Sunday 19 September 2010

These Killing Fields

The killing fields reek of peacetime.

Soon they will be farmland; the glorious dead reborn as crops, or worse: bright flowers. Corpses make such good fertiliser.

I have watched many wars. It is a good battle when the burial pits are not far from the field. It shows a need for efficiency, a need for minimal distractions from combat. The sign of a better battle is when there isn’t even the time for burial; when each side is fighting to regain their corpses as much as their ground.

But war ends. And the victor claims the land, though it is inevitably soaked more in the blood of his enemies than his own men. Should the greater claim not go to whoever has the most corpses, whoever put the most of their country into that land? That is not how these things work though. That is not how men think.

My brothers and sisters have gone elsewhere now; looking for better pickings. I remain, and the humans call me a curse. I remain, and I have been thinking.

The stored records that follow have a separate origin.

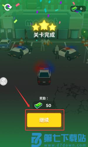3、点击红框箭头指向的继续按钮,领取关卡奖励。
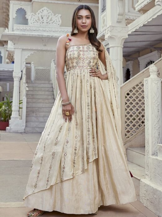 Red silk gown with sequins all over paired with contrasting green printed dupatta
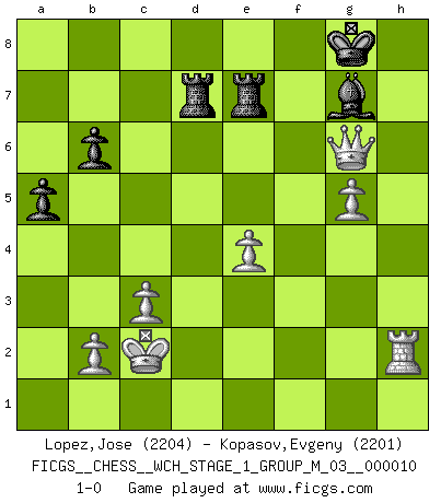 Last move : 1-0 2012 May 5 14:2:10 [Event "FICGS__CHESS__WCH_STAGE_1_GROUP_M_03__000010"] [Site "FICGS"] [Date "2012.01.01"] [Round "1"] [White "Lopez,Jose"] [Black "Kopasov,Evgeny"] [Result "1-0"] [WhiteElo "2204"] [BlackElo "2201"] 1.e4 c5 2.Nf3 d6 3.d4 cxd4 4.Nxd4 Nf6 5.Nc3 a6 6.f3 e5 7.Nb3 Be6 8.Be3 Be7 9.Qd2 O-O 10.O-O-O a5 11.a4 Nc6 12.g4 Nb4 13.Kb1 Rc8 14.g5 Nh5 15.Rg1 Qc7 16.Qf2 Nf4 17.Bxf4 exf4 18.Nd4 Qb6 19.Rg2 Qc5 20.h4 Rfd8 21.Qe1 g6 22.Nxe6 fxe6 23.Rgd2 Bf8 24.Qe2 Qe5 25.Nb5 Na6 26.Nd4 Nc5 27.Qb5 Re8 28.Bc4 Kh8 29.c3 Qg7 30.Rh1 Qf7 31.Ba2 d5 32.h5 dxe4 33.Rdh2 Kg8 34.hxg6 Qxg6 35.Ka1 Re7 36.fxe4 f3 37.Nxf3 Qe8 38.Qe2 Qxa4 39.Nd4 Rd8 40.Qf3 Bg7 41.Rxh7 Bxd4 42.Qh3 Nb3+ 43.Kb1 Nd2+ 44.Kc1 Nb3+ 45.Bxb3 Qa1+ 46.Kc2 Qxh1 47.Bxe6+ Rxe6 48.Qxh1 Bg7 49.Rh2 Rd7 50.Qf1 b6 51.Qf5 R6e7 52.Qg6 1-0 Sicilian : Najdorf Kingside Castling by player Black (move 9) Queenside Castling by player White (move 10) Player White won this chess game. Follow this game move after move (download)A bad plan is better than none at all. (Frank Marshall) Alles was am Schachbrett zählt sind gute Züge. (Robert James Fischer) Bobby solo arroja las piezas y solas caen en las casillas correctas. (Miguel Najdorf ) Vouloir jouer aux échecs contre soi-même est aussi paradoxal que vouloir marcher sur son ombre. (Stefan Zweig) Coffee just isn't my cup of tea. (Unknown)
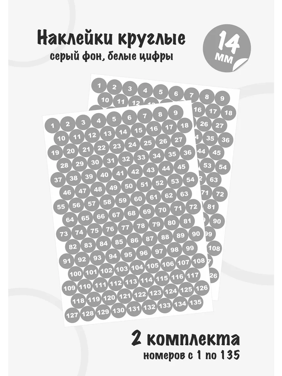 Наклейки парные, круглые, диаметром 14мм, вырезанные по контуру, с номерами от 1 до 135, каждого номера по 2 шт. Цвет фона серый, цвет цифр белый.
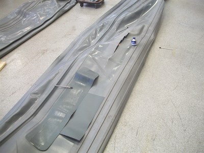 - The outside patch bonded in place and the section of the sponson is shown inflated and holding air.
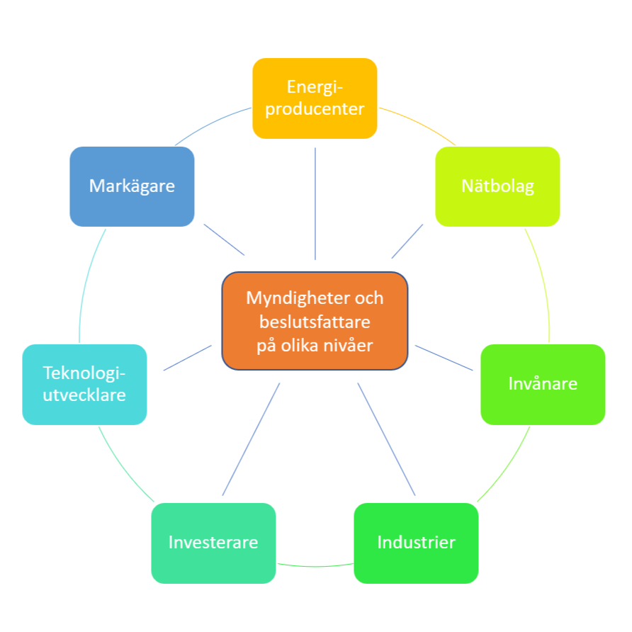 För att bättre förstå aktörerna och därmed ”spelet” är det bra att lista nyckelaktörerna och deras respektive roller i lokal energiproduktion och -konsumtion. I förenklad form kan de presenteras på följande sätt:
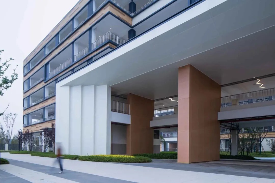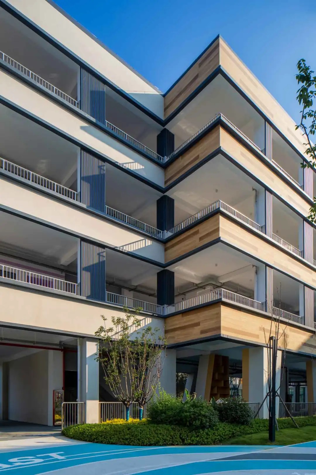 “得景无拘远近,佳则收之”。场地西侧的云湖景观带是项目重要的景观资源,设计通过将《园冶》中的“借景”理念演化为立体观景设计。场地依托原始地形高差,于教学楼各层设计观湖平台,与湖面之间形成相对高度为4—12米的多个垂直景观界面,将湖景渗透入校园空间,使不同标高空间呈现差异化的湖景画卷,构建多层次的观景系统,并通过“移步易景”的空间序列,培养学生的观察能力与空间认知能力。
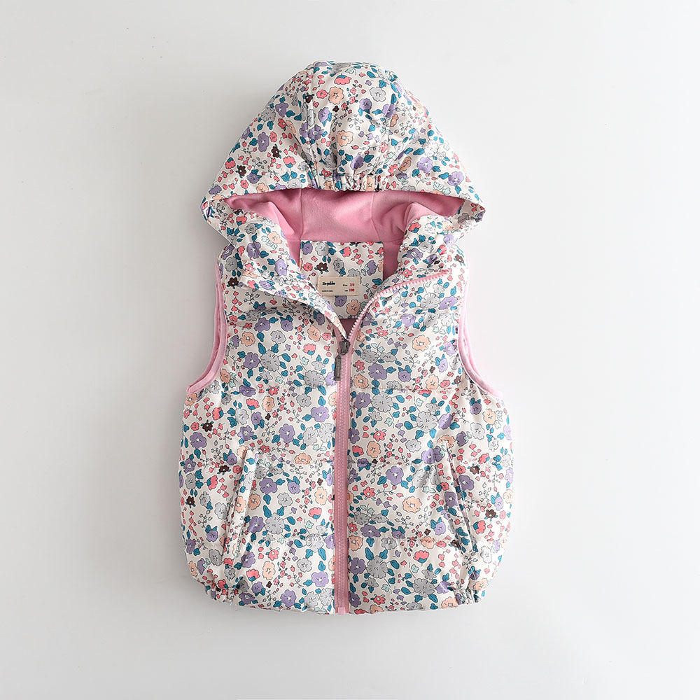 꽃 프린트 소녀 벨벳 두꺼운 후드 조끼 코튼 조끼 2024 겨울 새 스타일 0804-02
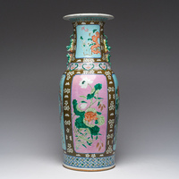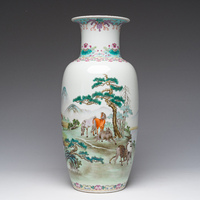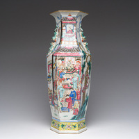 A Chinese hexagonal famille rose vase with figurative design all around, 19th C.
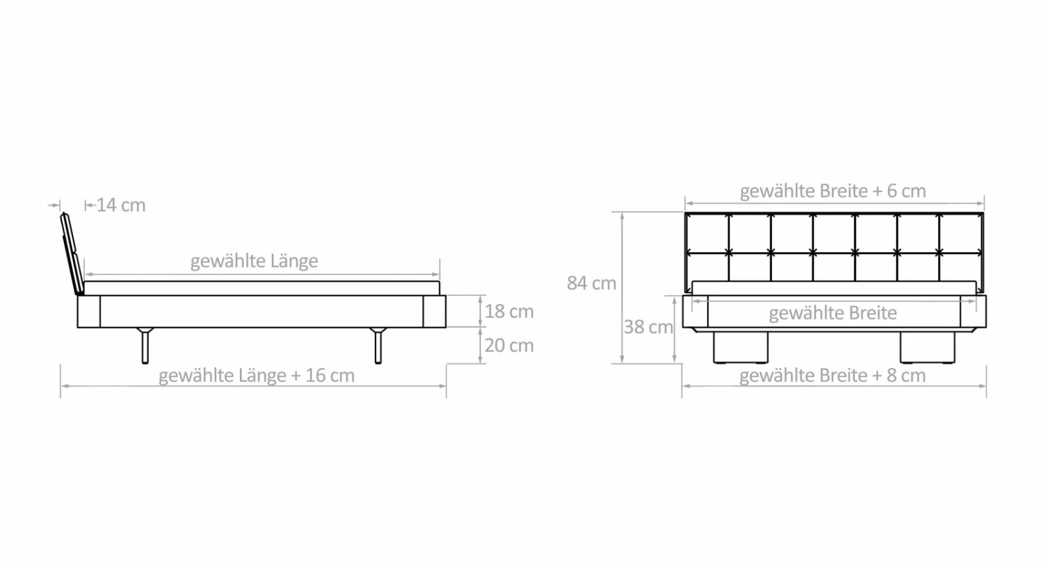 Breite + 8 cm - Kopfteilhöhe: 84 cm
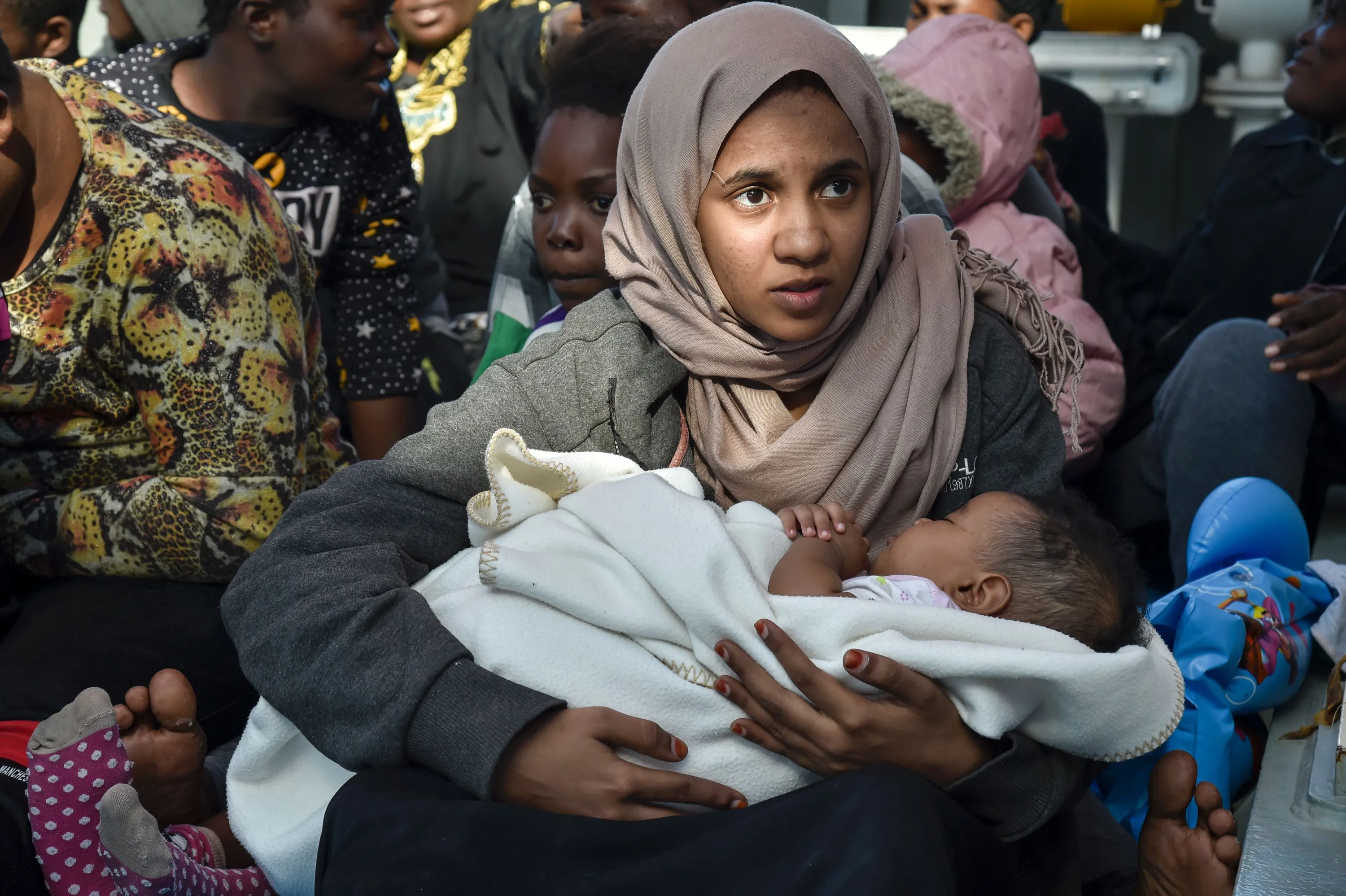 A young woman holds her baby aboard the Topaz Responder, a rescue ship run by Maltese NGO “Moas” and the Italian Red Cross, on November 4, 2016, after during a rescue operation of migrants and refugees off the Libyan coast Around 750 migrants were rescued across the Mediterranean on November 3, 2016 by the Italian coast guard, a Frontex ship, a Save The Children vessel, German NGO Jugend Rettet' s Iuventa and two boats run by the Malta- based MOAS (Migrant Offshore Aid Station). But at least 110 migrants are feared drowned after they were forced at gunpoint to set sail from Libya, while many more may have died in a separate shipwreck, survivors said. (Photo by Andreas Solaro/AFP Photo)
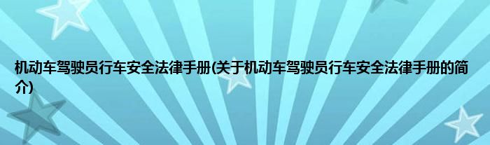 大家好,机动车驾驶员行车安全法律手册,关于机动车驾驶员行车安全法律手册的简介很多人还不知道,现在让我们一起来看看吧!
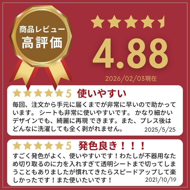 ●低温(130〜140℃)短時間(5秒)1回プレスでプリントできる為ポリ生地へのテカリや昇華移染も起きにくくなっており、作業効率が非常に高い商品です。
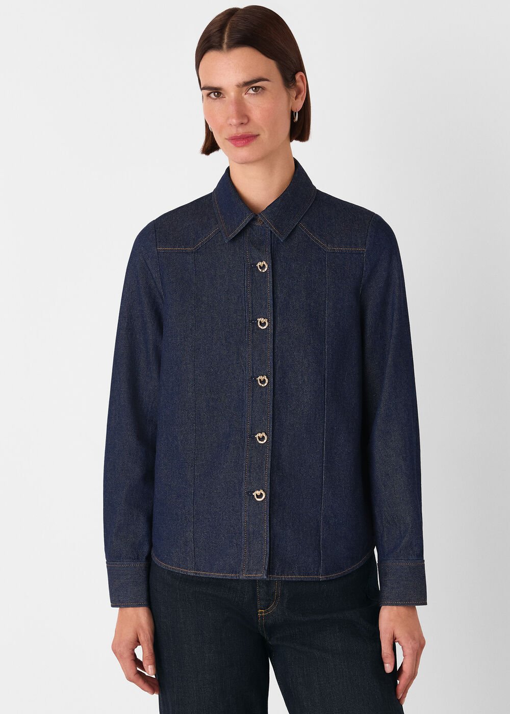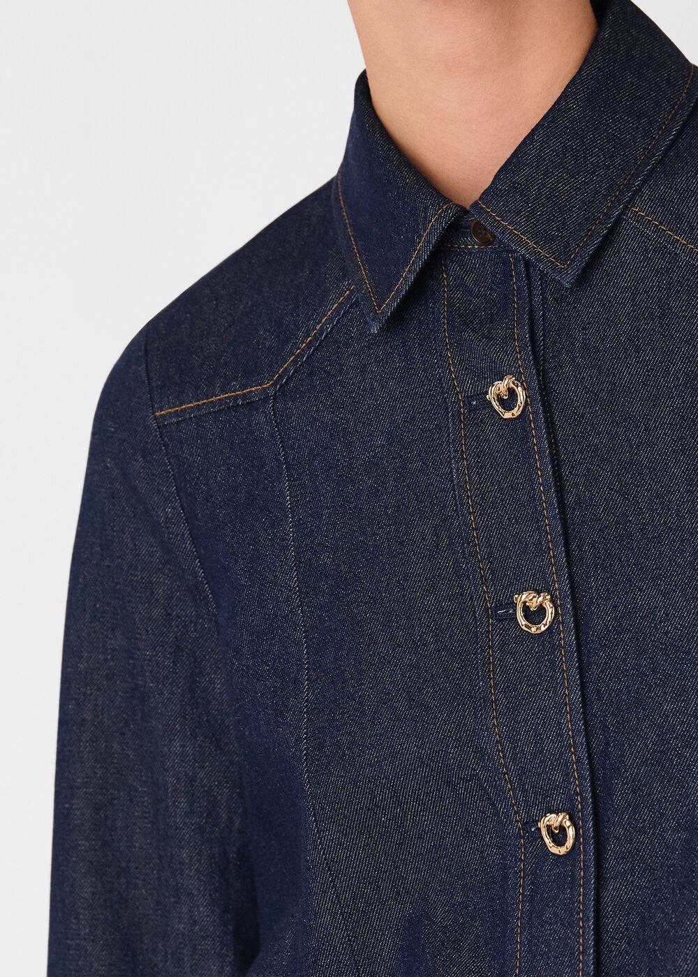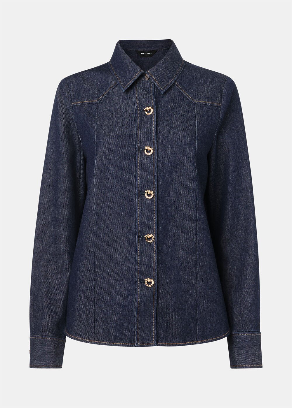 Our Button Detail Cotton Shirt brings a contemporary twist to classic tailoring, reimagined in rich dark denim for a confident, modern feel. Its cut with a straight silhouette and defined by distinctive gold-toned buttons, a sharp collar and contrast topstitching that frames the structure beautifully. The result is a seamless blend of classic and modern perfect for elevating everyday looks or smarter edits with ease.

Always we are content to let humans work themselves into war, and we go where they fight, we go where they die. But there are fewer and fewer wars, and in peacetime we flounder; only the strongest survive.

I have seen a hundred wars, a hundred peacetimes. I am the oldest of my kind, and I have a plan.

I have studied humans; so predictable in their pride and their rage and their greed. I will guide them to war, and we will have our feasts.

I take to the air. I shall find the rest of the flock and the great work shall begin. Ravens will be scavengers no more, but harbingers.